Work task:
Below are lines of records; copy exactly those from the one containing "Eli dug into" through the one containing "- 【Thick Paper", leaving the pictures behind.

═══ Listed entries ═══

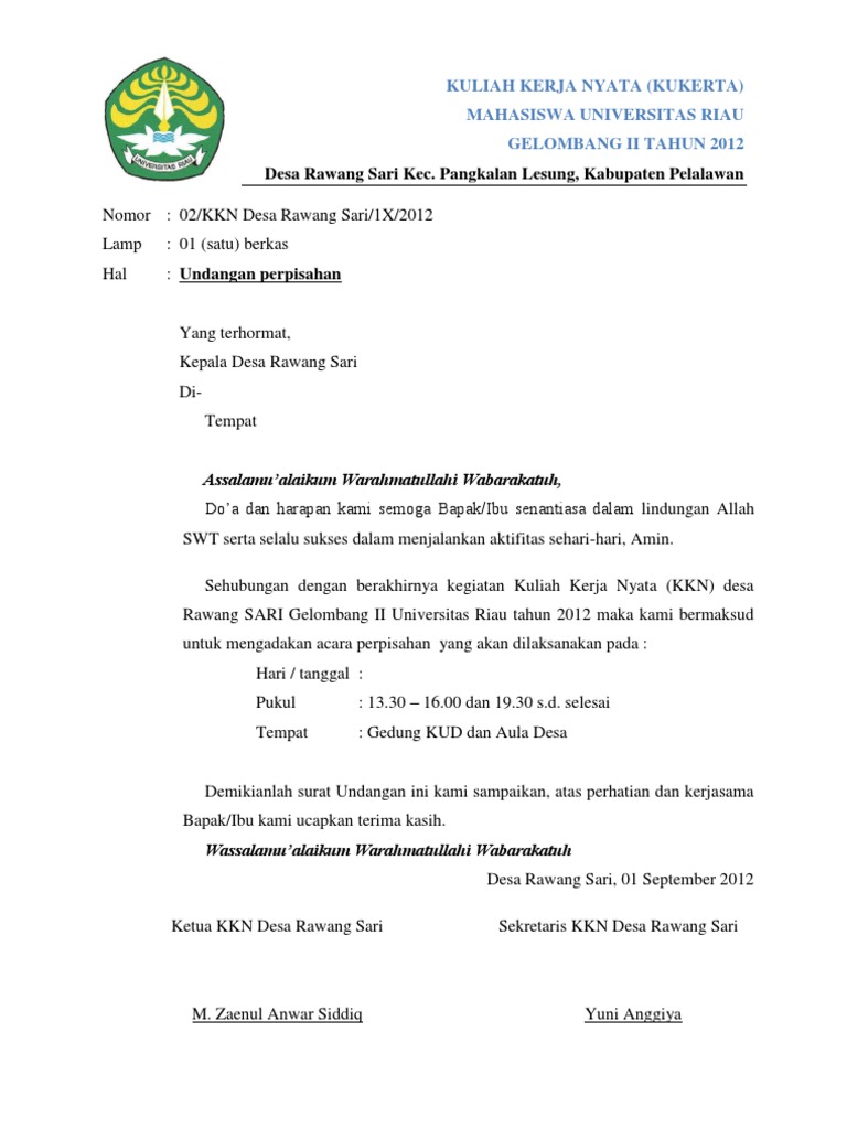 Dari kedua jenis surat ini mempunyai tujuan tersendiri dan tidak dapat digunakan di sembarang tempat. Berikut kami berikan contoh surat undangan resmi yang bisa dijadikan referensi dalam pembuatannya. Misalnya saja melalui panggilan telepon ataupun chatting. Resigh atau pengunduran diri merupakan awal kisah perpisahan seorang karyawan dengan tempat bekerja. A short summary of this paper. Jika anda bekerja di bagian administrasi kegiatan surat menyurat adalah hal yang biasa, dan membutuhkan sedikit karena itulah, kami memberikan beberapa contoh format undangan resmi yang bisa digunakan untuk beberapa acara, misalkan pengajian, rapat. Lalu apa yang kamu lakukan agar orang. Download contoh surat undangan karang taruna.docx. So please help us by uploading 1 new document or like us to download Nah, surat resmi biasa digunakan untuk tujuan acara yang resmi, sedangkan. Berikut ini contoh surat keterangan kerja word dalam bahasa inggris yang dapat anda pergunakan. Contoh surat resmi bahasa sunda undangan kegiatan ujian nasional sekolah. 22 downloads 543 views 89kb size.
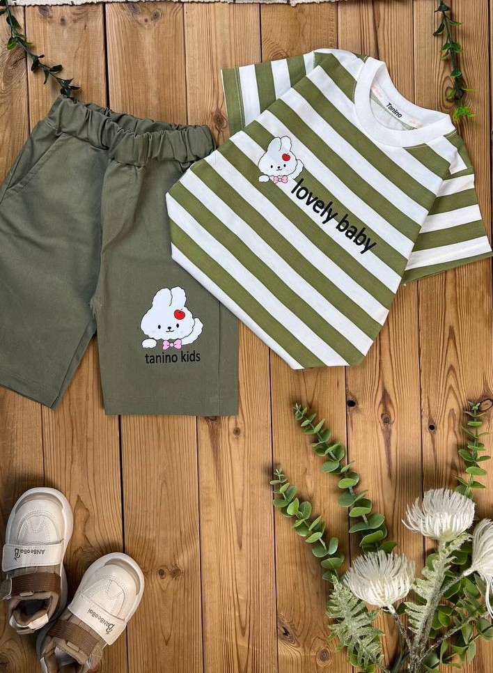 تیشرت شلوارک تابستانی بچگانه  شامل تیشرت پنبه‌ای نرم و ضد حساسیت همراه با شلوارک کتان خنک و مقاوم. طراحی فانتزی خرگوش بامزه در ۴ رنگ جذاب (زرد، صورتی، سبز، قهوه‌ای). مناسب  2 تا 7 سال."
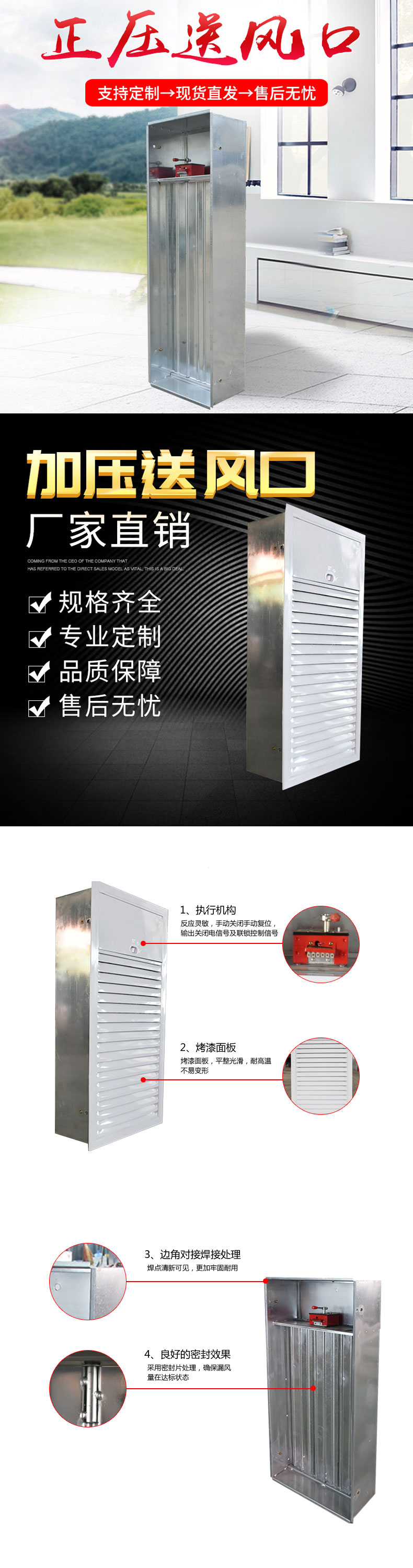多叶排烟口是用于发生火灾时加压送风,通过正压送风口会源源不断的对前室进行送风,使前室维持正压,保证烟气不会在这个区域蔓延,而给人逃生的空间的。
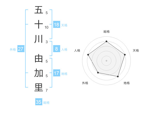 五十川 由加里さんを姓名の画数から五運を鑑定
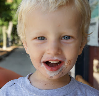 Eli dug into the birthday ice cream! Both hands and full face!
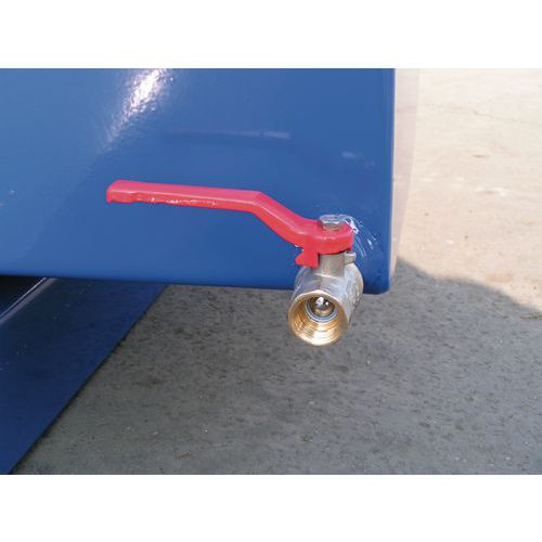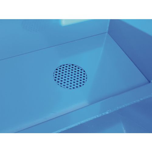 Billenő konténerek kieresztő csappal és dupla fenékkel hálóval a szilárd anyagok folyadékoktól való elkülönítéséhez. Négy színváltozatban. 3 mm vastagságú lemezszerkezet megerősített széllel a konténer körül. Acélzsineg segítségével a targoncavezető helyéről borítható ki. Kiborítás után az üres kád az eredeti helyzetébe áll és automatikusan rögzül. A konténert kiborításkor lánccal kell biztosítani a villákról történő nemkívánatos lecsúszás ellen. A lánc és az acélzsineg is a szállítás része. Poliamid görgő készlet vásárolható hozzá a könnyebb kezelésért.
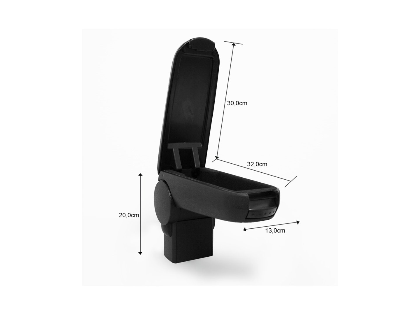 Přesně pasující loketní opěrka mezi přední sedadla vozu. Doplněk, sloužící k odložení drobných věcí uvnitř, zároveň poskytuje pohodlí pro pravou ruku řidiče během jízdy. Kvalitní provedení z odolného platu a pevné látky funkčně doplní interiér vozu.Montáž:
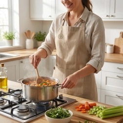 Univerzálny strih a príjemný prírodný materiál zaručujú komfort pri každodennom varení, pečení aj tvorení. Jednoduchá údržba praním do 40 °C uľahčí dlhodobé používanie a udržanie čistoty.
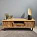 Tv meubel Jayden is een stoer en trendy tv meubel uitgevoerd in prachtig mangohout. Dit mangohouten tv meubel is gemaakt van massief mangohout en heeft een strak zwart metalen onderstel, waardoor dit tv meubel perfect past binnen jouw interieur.
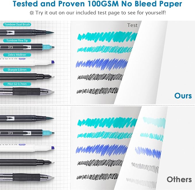 - 【Thick Paper for Writing Without Limits】Large B5 hardcover notebook (7.6"x 10"/193mm x 264mm), total 320 pages, includes 312 numbered pages(equal to 156 sheets). 5 x 5mm graph grid paper(5 squares per inch). Our INNOVATIVE PAPER TECHNOLOGY on 100GSM thick paper ensures a perfect canvas for your ideas - no bleed, no ghosting, as confirmed by tests with various pens.
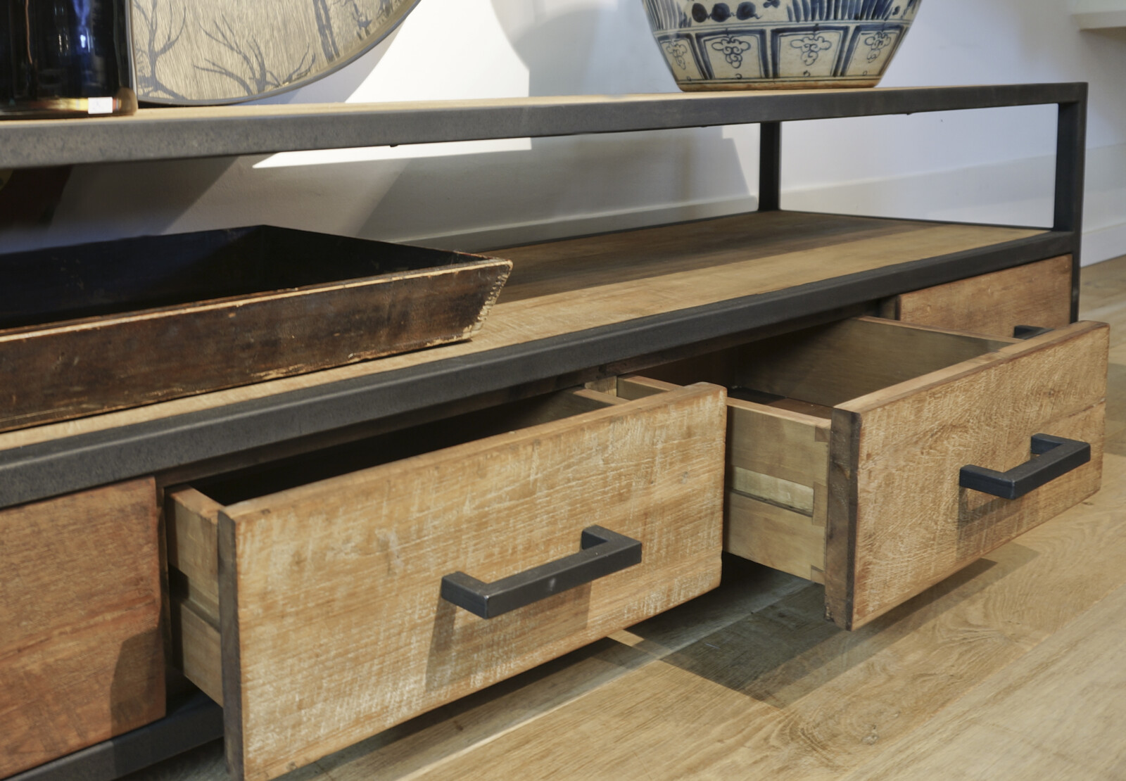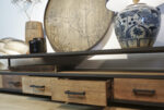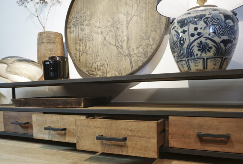 TV dressoir 170 METAL is gemaakt van massief teakhout met mat zwart metalen frames, een ruime nis, en vier ruime laden. De meubels uit de METAL Collectie zijn gemaakt van oud recycled teak hout, en hebben een zwart stalen frame met lades waar gemakkelijk van alles in opgeborgen kan worden. Het teak hout is doorleefd, met glad oppervlak, en een warme uitstraling. Gecombineerd met de industriële mat zwarte stalen frames zijn ze een stoere verschijning.
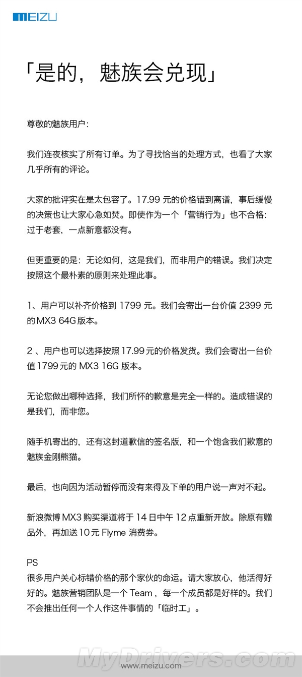 魅族表示,无论如何都是自己的错,而非用户的错,所以无论用户做出哪种选择,所怀的歉意是完全一样的,所以决定按照最朴素的原则来处理此事:
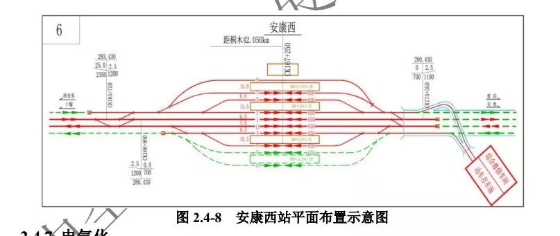 車站初始規3臺8線布置,遠期隨天水一十堰鐵路引入預留1臺2線(PS:另一條高鐵過境安康,美),總規模4臺10線。到發線有效長650m,設島式站臺(450×12×1.25m)4座,設旅客進出站地道2座(寬12m)。
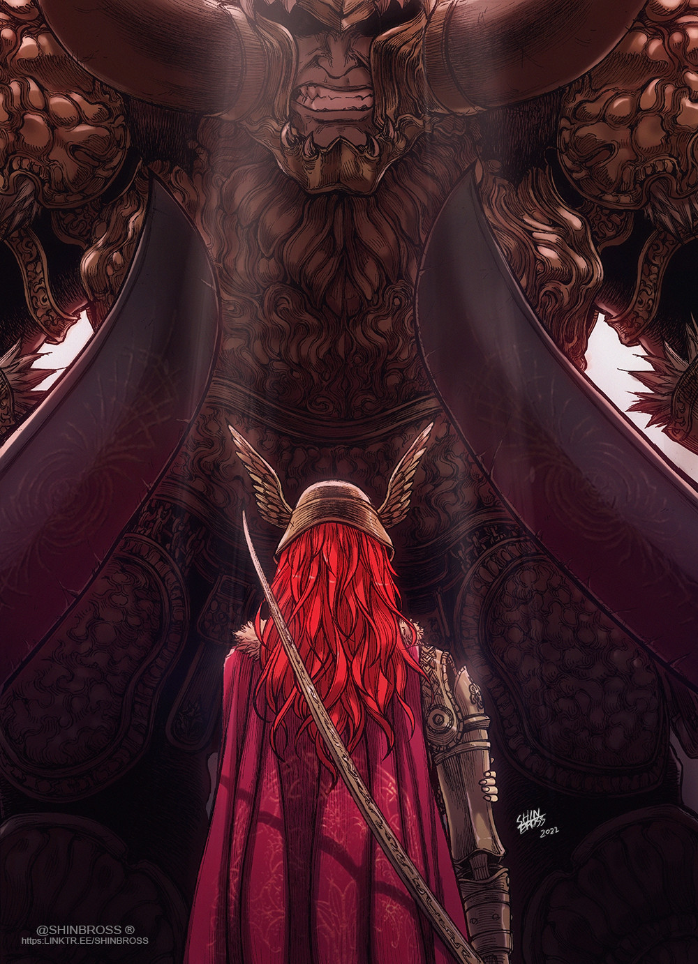 1boy 1girl armor artist_name blade cape clenched_teeth dual_wielding elden_ring fake_horns from_behind giant giant_male gold_armor height_difference helmet highres holding hand_on_own_arm horned_helmet horns huge_weapon katana malenia_blade_of_miquella prosthesis prosthetic_arm red_cape red_hair shinbross standing starscourge_radahn sword teeth valkyrie weapon winged_helmet
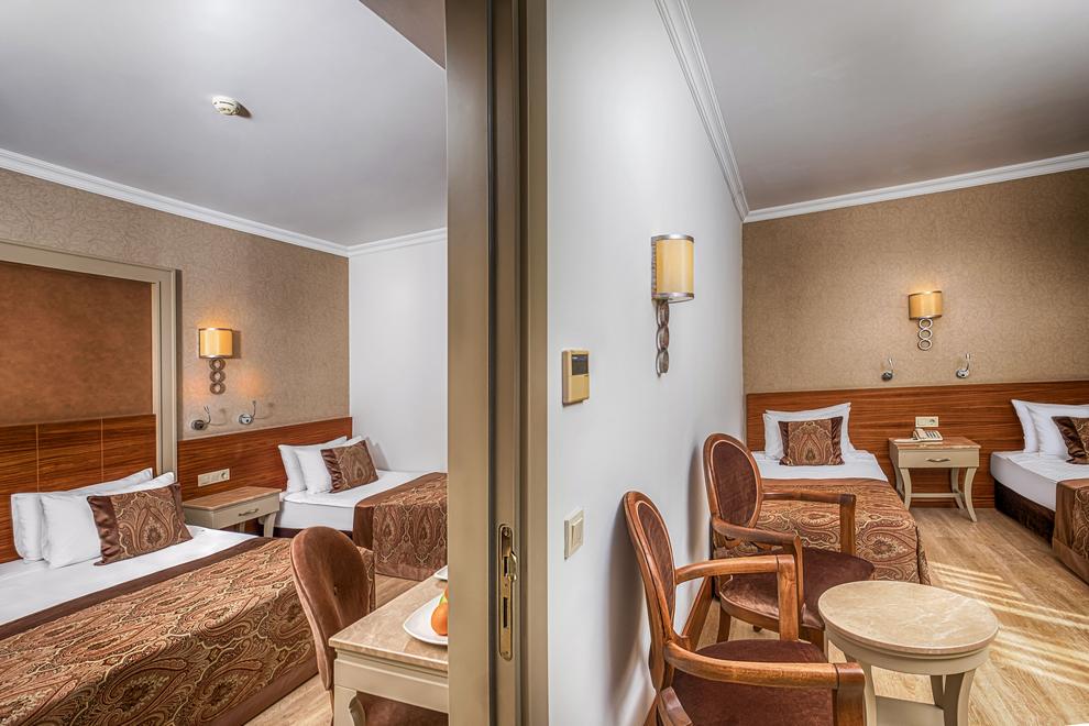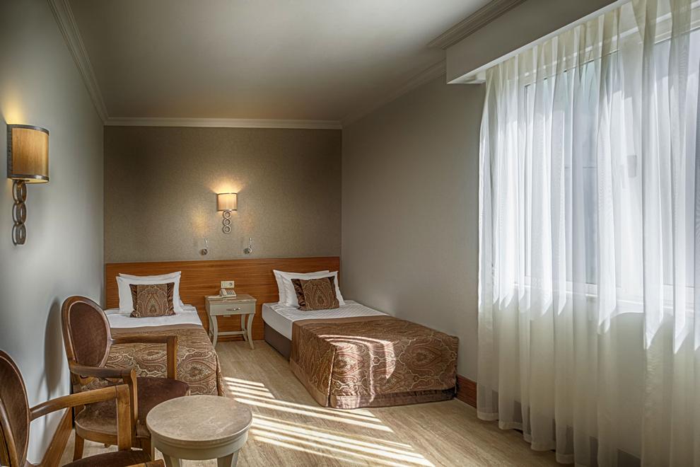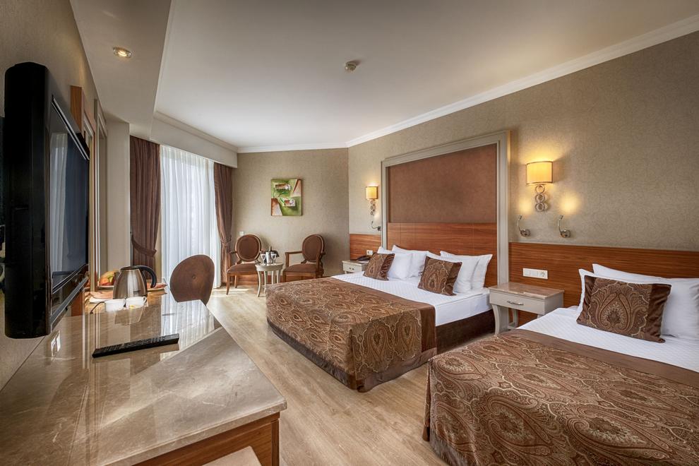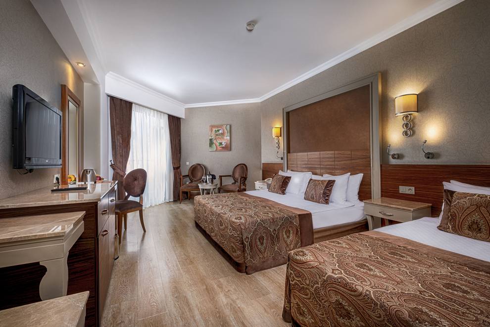Хотелът се състои от 5 четириетажни сгради (има асансьори), в които са разпределени 325 климатизирани стаи. Те са оборудвани с телефон, телевизор, сейф, минибар, самостоятелна баня с душ, сешоар, Wi-Fi, балкон. Ежедневно почистване на стаите, смяна на спалното бельо - веднъж на три дни.
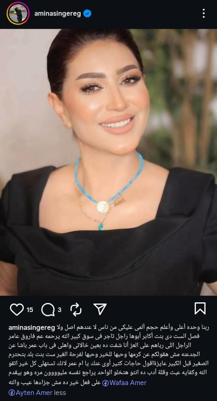 وكتبت عبر حسابها الرسمي على موقع التواصل الاجتماعي لتبادل الصور والفيديوهات الانستجرام: ربنا وحده أعلى وأعلم حجم ألمى عليكى من ناس لا عندهم اصل ولا فصل الست دى بنت أكابر أبوها راجل تاجر في سوق كبير الله يرحمه عم فاروق عامر الراجل اللي رباهم على العز أنا شفت ده بعين خالاتي واهلي في باب عمر.

═══

Exercise answer:
 Eli dug into the birthday ice cream! Both hands and full face!
 Billenő konténerek kieresztő csappal és dupla fenékkel hálóval a szilárd anyagok folyadékoktól való elkülönítéséhez. Négy színváltozatban. 3 mm vastagságú lemezszerkezet megerősített széllel a konténer körül. Acélzsineg segítségével a targoncavezető helyéről borítható ki. Kiborítás után az üres kád az eredeti helyzetébe áll és automatikusan rögzül. A konténert kiborításkor lánccal kell biztosítani a villákról történő nemkívánatos lecsúszás ellen. A lánc és az acélzsineg is a szállítás része. Poliamid görgő készlet vásárolható hozzá a könnyebb kezelésért.
 Přesně pasující loketní opěrka mezi přední sedadla vozu. Doplněk, sloužící k odložení drobných věcí uvnitř, zároveň poskytuje pohodlí pro pravou ruku řidiče během jízdy. Kvalitní provedení z odolného platu a pevné látky funkčně doplní interiér vozu.Montáž:
 Univerzálny strih a príjemný prírodný materiál zaručujú komfort pri každodennom varení, pečení aj tvorení. Jednoduchá údržba praním do 40 °C uľahčí dlhodobé používanie a udržanie čistoty.
 Tv meubel Jayden is een stoer en trendy tv meubel uitgevoerd in prachtig mangohout. Dit mangohouten tv meubel is gemaakt van massief mangohout en heeft een strak zwart metalen onderstel, waardoor dit tv meubel perfect past binnen jouw interieur.
 - 【Thick Paper for Writing Without Limits】Large B5 hardcover notebook (7.6"x 10"/193mm x 264mm), total 320 pages, includes 312 numbered pages(equal to 156 sheets). 5 x 5mm graph grid paper(5 squares per inch). Our INNOVATIVE PAPER TECHNOLOGY on 100GSM thick paper ensures a perfect canvas for your ideas - no bleed, no ghosting, as confirmed by tests with various pens.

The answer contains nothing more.